Thursday, December 17, 2009

Desperado

Last night I had restless dreams about taking a pregnancy test so this morning at 5:30 am I got up and I took one, I took a pregnancy test...
Let's rewind for a moment. A few days ago I realized my period would be due soon, and don't forget about my pretend pregnancy thoughts. I even was convinced I gave 'my baby' Fetal Alcohol Syndrome after one too many glasses of champagne Saturday night. So I peaked under the bathroom sink and pulled out my handy dandy First Response box opened with 2 tests (it was a 3 pack) inside. When you are trying to get pregnant those little suckers become as vital as water. Anyway I read the instructions to determine what day I could take the test early and lo and behold...the instructions used an example..."For example, if you are due on the 21st you can take the test on the 17th." Well no shit, I am due on the 21st and the 17th is just a couple of days away! I took that as a sign I should take the test early and maybe I was indeed pregnant.
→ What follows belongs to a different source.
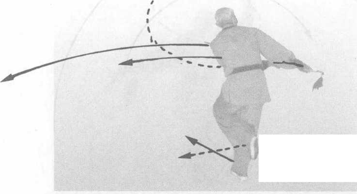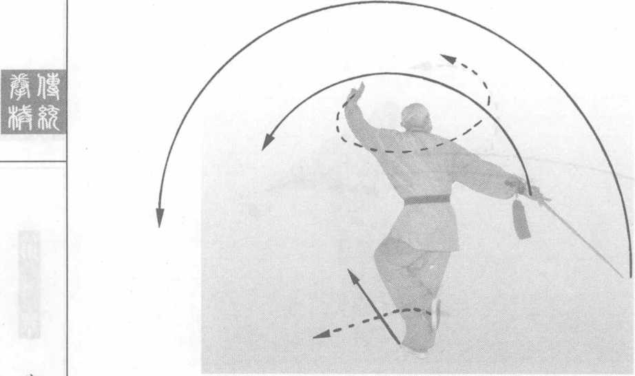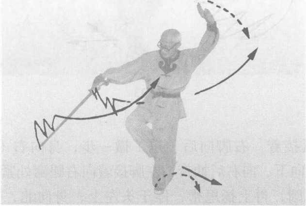 此势亮相优美,右手剑左右前后来回,左右脚互相轮换贴 腿,感受到大自然中的日、月、星三华聚顶之势态。

So today is the 17th and I took the test early. I am indeed not pregnant. Sucks. But the box did say that if the test is negative try again 7 days after your due date if you still have not gotten a period. I know you will be shocked to hear that I will be doing exactly just that, hopeful that my "you have a baby inside you!" hormone level was just to low to read this time. My question is though, when does all of this stop looking hopeful and start looking desperate? Do I already appear desperate and I am too delusional to see it? I mean I have a freakin song picked out for the slide show of picture I want to put together after my baby is born; I can see pictures of Mike, me and our precious baby scrolling through with a powerful song to guide. When does that stop being sweet and start being pathetic? I feel like maybe I am pathetic and desperate, but what else do I have to go on? I have to stay in this mindset that it can...and it will happen. I can't even imagine the alternative.